Hildegard Westerkamp
composer


Hildegard Westerkamp was born in Osnabrück, Germany in 1946 and emigrated to Canada in 1968. After completing her music studies in the early seventies her ears were drawn to the acoustic environment as another cultural context or place for intense listening. Whether as a composer, educator, or radio artist her work has focused on environmental sound and acoustic ecology since the mid-seventies.

She has taught courses in Acoustic Communication at Simon Fraser University in Vancouver and is giving lectures, and conducting soundscape workshops internationally. She is a founding member and is currently active on the board of the World Forum for Acoustic Ecology (WFAE). Between 1991 and 1995 she was the editor of The Soundscape Newsletter and is now on the editorial committee of Soundscape: The Journal of Acoustic Ecology, a new publication of the WFAE.

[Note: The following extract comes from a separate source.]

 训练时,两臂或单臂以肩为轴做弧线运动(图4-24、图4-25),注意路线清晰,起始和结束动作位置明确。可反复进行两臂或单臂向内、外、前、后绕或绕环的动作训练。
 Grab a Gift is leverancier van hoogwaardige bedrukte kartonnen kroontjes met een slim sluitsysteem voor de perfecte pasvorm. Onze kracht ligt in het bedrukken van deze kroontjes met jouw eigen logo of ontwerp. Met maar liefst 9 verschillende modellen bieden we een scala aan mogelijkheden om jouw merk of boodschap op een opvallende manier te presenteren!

Her compositions have been performed and broadcast in many parts of the world. The majority of her compositional output deal with aspects of the acoustic environment: with urban, rural or wilderness soundscapes, with the voices of children, men and women, with noise or silence, music and media sounds, or with the sounds of different cultures, and so on. She has composed film soundtracks and sound documents for radio and has produced and hosted radio programs such as Soundwalking and Musica Nova on Vancouver Co-operative Radio.

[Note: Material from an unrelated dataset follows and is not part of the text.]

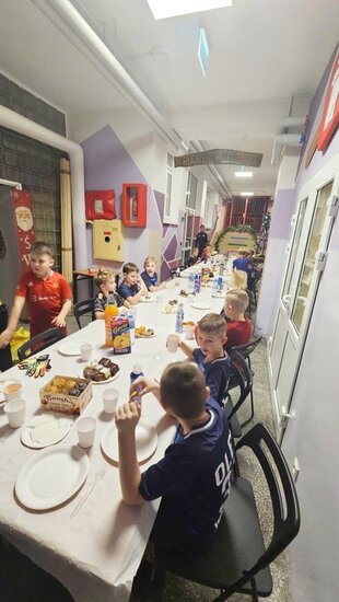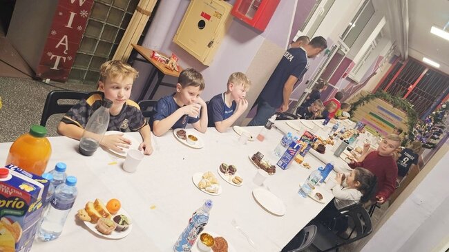 Na początek do gry ruszyli najmłodsi zawodnicy z roczników 2017 oraz 2018, którzy rozegrali mecze wspólnie z rodzicami. Po sportowych emocjach przyszedł czas na poczęstunek – dzieci podzieliły się opłatkiem, złożyły sobie życzenia, a na koniec otrzymały prezenty oraz świąteczne życzenia od swoich trenerów oraz koordynatora akademii Dawida Elwarta.

In a number of compositions she has combined her treatment of environmental sounds extensively with the poetry of Canadian writer Norbert Ruebsaat. She also has written her own texts for a series of performance pieces for spoken text and tape. In addition to her electroacoustic compositions, she has created pieces for specific "sites", such as the Harbour Symphony and école polytechnique. In pieces like Visiting India she explores the deeper implications of transferring environmental sounds from another culture into the North American and European context of electroacoustic composition and audio art culture. Most recently she collaborated with her Indian colleagues Mona Madan, Savinder Anand, and Veena Sharma on a sound installation in New Delhi entitled Nadaan Experience in Sound, sponsored by the New Delhi Goethe Institut (Max Mueller Bhavan) and the Indira Ghandi National Centre for the Arts.

By focusing the earsą attention to details both familiar and foreign in the acoustic environment, Westerkamp draws attention to the inner, hidden spaces of the environment we inhabit. On the edge between real and processed sounds she creates sonic journeys in her compositions that reveal both the contradictions and visions of beauty in todaysą world.